Susan M. Fournier is an American marketing professor. She is the Allen Questrom Professor in Management at Boston University and the first female dean of the Questrom School of Business.

Early life and education
Fournier was raised in Woburn, Massachusetts to working-class parents. Her father led a machine shop and her mother waited tables and bartended on weekends. She was the first person in her family to enroll in college when she began majoring in computer science at the University of Massachusetts Amherst. She eventually changed her major to marketing and completed her Master's degree at Pennsylvania State University. Fournier used her master's degree to earn a position as a marketing researcher at Polaroid and Yankelovich Clancy Shulman before returning to school for her PhD at the University of Florida.

Career
Fournier spent over a decade in the marketing industry: twelve years on the Board of Advisors for the Harley Owners Group at Harley-Davidson Motor Company and seven years as a brand advisor to Irving Oil Corporation.
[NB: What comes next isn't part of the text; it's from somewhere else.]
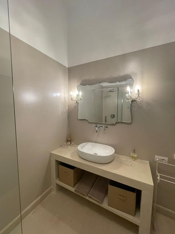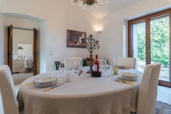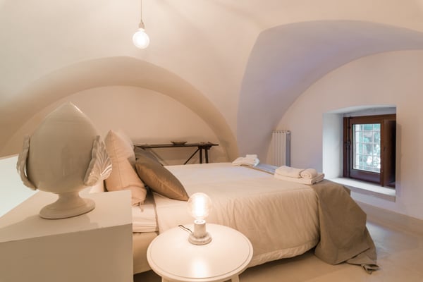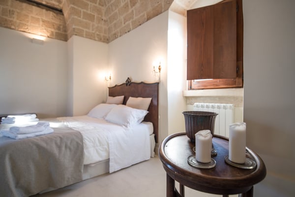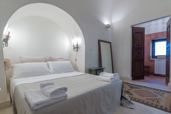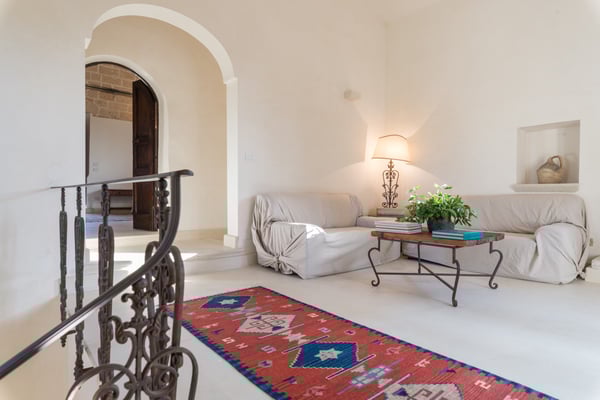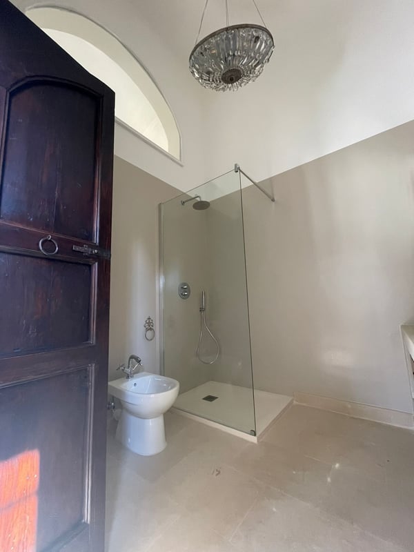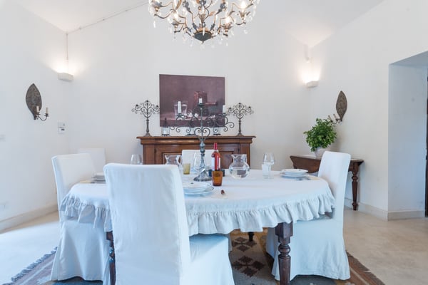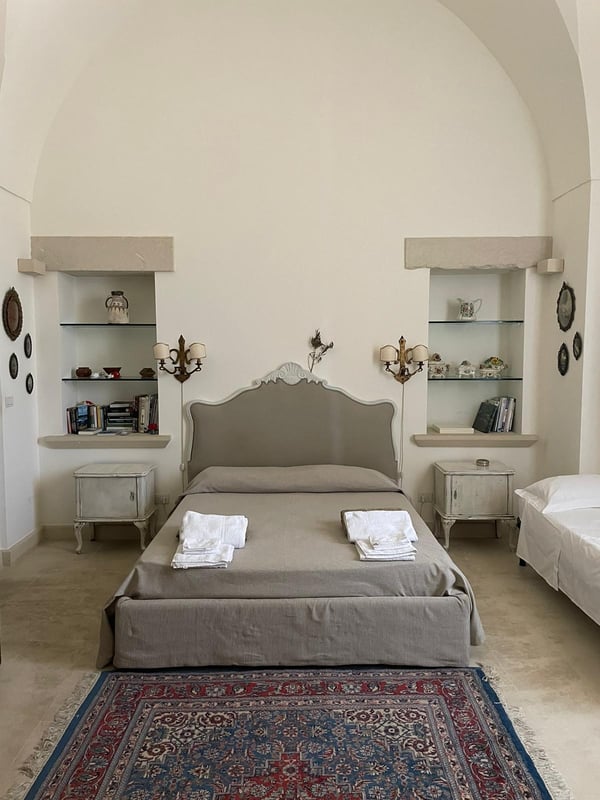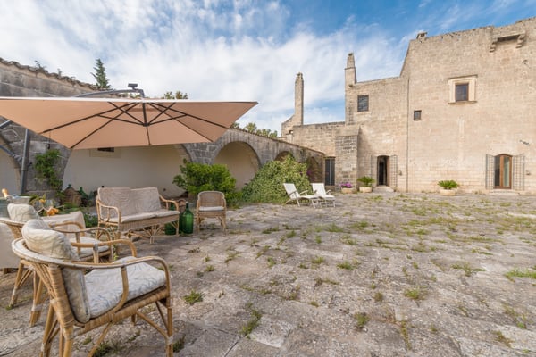 Beautiful and elegant farmhouse with swimming pool located in a large property on the outskirts of the city of Galatina and a few km from the white beaches of Gallipoli, Masseria Lo Scalfo is composed of an ancient nucleus with a tower dating back to 1500 and a traditional “courtyard house. “dated 1800. Today completely renovated to become a charming residence, it is characterized by large and bright rooms finely furnished with an exquisite mix of antique and shabby-chic in which respect for materials and tradition are also evident in the choice of colors, with a prevalence of white, which defines each room. To complete a magical and timeless picture in which to get lost as soon as you cross the gate, the wonderful and well-kept garden that surrounds the entire farm and which thanks to the wealth of trees and plants of all kinds allows you to identify different and naturally separate corners where to get lost , alone, in moments of pleasant relaxation and rest. Large main entrance with wooden door which leads to the living area on the left and the sleeping area on the right. Living area: large double living room furnished with sofas and armchairs, fireplace, TV, windows overlooking the internal courtyard and garden, small secondary entrance, dining room, large fully equipped eat-in kitchen with direct access to the courtyard through a French window, 1 service bathroom and laundry room. Sleeping area: 2 double bedrooms each with en-suit bathroom / shower, mezzanine corridor with 2 single beds, 1 double bedroom on the mezzanine with the possibility of 1 extra single bed, 1 bathroom / shower in the corridor, hallway with staircase leading to leads to the “tower suit” on the first floor consisting of a small living area with sofas and French windows for accessing the large panoramic terrace, 1 large and bright double bedroom (note: this room uses the bathroom on the ground floor which is right next to the stairs). All bedrooms have air conditioning. Square internal courtyard furnished with umbrellas, table and chairs for 12 people, perfect for outdoor lunches and dinners, relaxation corner with wicker sofas and armchairs; Swimming pool 11×5.50 (1.20m deep) recently built in a corner of the property which is almost a small natural quarry, with a solarium area around it equipped with sun loungers and gazebo set up with cushions, sofa and armchairs; very large land of which a part deliberately preserved in its original state while the part closest to the house is characterized by a beautiful partially terraced garden full of trees, flowers and plants typical of the Mediterranean scrub. CIN: IT075029C200041116

On August 27, 2018, Fournier became the first female dean of the Questrom School of Business. During the COVID-19 pandemic, she was recognized among the 11 marketing scholars named Marketing Science Institute Academic Fellows. The following year, she was recognized as a top performer in terms of research impact in a published study conducted by Stanford University. She later became the recipient of the 2021 Distinguished Scientific Contribution Award from the Society of Consumer Psychology.

Selected publications
Building brand community on the Harley-Davidson Posse Ride (2000)
Consumer-brand relationships: theory and practice (2012)
Strong brands strong relationships (2015)

References

External links

Living people
Marketing women
Market researchers
Isenberg School of Management alumni
University of Massachusetts Amherst alumni
Pennsylvania State University alumni
University of Florida alumni
Harvard Business School faculty
Boston University faculty
Year of birth missing (living people)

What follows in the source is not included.